------ Provided material ------

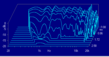 Wichtig für eine hervorragende Wiedergabe ist das zügige Ausschwingverhalten, was bedeutet, dass in nachfolgendem Diagramm nach vorn die Lautstärke zügig abfällt. Dies ist sehr gut erfüllt, wobei die Eigenchaften von Spitzen 1-Zoll Treibern nicht erreicht werden.
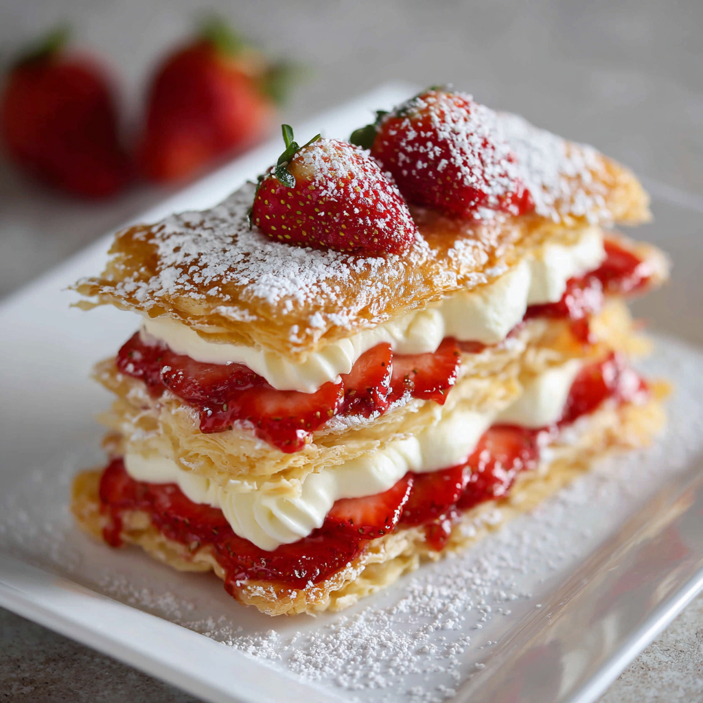 Easy Strawberry Napoleon: Layers of Puff Pastry, Cream & Fresh Strawberries
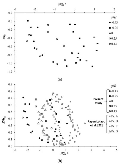 Figure 6 shows the profiles of the normalized vertical velocity W/u* for the present study and that by Papanicolaou et al. [22]. Figure 6a illustrates the profiles of W/u* of test T13 of the present study in the scour hole at the downstream position xs. To clearly show the flow features in the scour hole, we also plotted W/u* versus z/zs (as explained above). In the downwelling flow regions (y/B < −0.25 and y/B < 0.25) (see Figure 2), W/u* undergoes negative values, varying in an arched way (of concavity to the right) along the vertical: it increases in magnitude with increasing depth, reaches extreme values of O(−3) at z/zs ≈ −0.5, and then begins to gradually decrease (in magnitude), tending toward zero close to the scour bed. In the upwelling flow region (around y/B = 0), W/u* shows positive values, behaving in a similar fashion (in an arcuate way, but with concavity to the left) along the vertical as in the downwelling flow regions. In the intermediate regions (y/B = −0.25 or 0.25, as an example), W/u* can change sign from negative to positive and vice versa along the vertical. This behavior of W/u* through the scour hole is a result of the flow circulation caused by the secondary current cells. Figure 6b represents a comparison between the W/u* profiles of test T13 of the present study and those by Papanicolaou et al. [22]. Here, W/u* is plotted versus Z/hsy (as explained above). The profiles shown in Figure 6b almost indicate the same order of magnitude of W/u* for both studies, ranging between about −3 and 3. At relative transversal positions within a secondary current cell, Figure 6b also reveals that W/u* follows a similar trend along the vertical direction for both studies. The different vertical profiles of W/u* relative to a single secondary current cell show a sort of φ-shaped distribution.

------

## Action item
Set down again, exactly, the lines of the material above from its first line to the one with "Easy Strawberry Napoleon: Layers", inclusive. Leave the pictures out.

## Exercise answer
 Wichtig für eine hervorragende Wiedergabe ist das zügige Ausschwingverhalten, was bedeutet, dass in nachfolgendem Diagramm nach vorn die Lautstärke zügig abfällt. Dies ist sehr gut erfüllt, wobei die Eigenchaften von Spitzen 1-Zoll Treibern nicht erreicht werden.
 Easy Strawberry Napoleon: Layers of Puff Pastry, Cream & Fresh Strawberries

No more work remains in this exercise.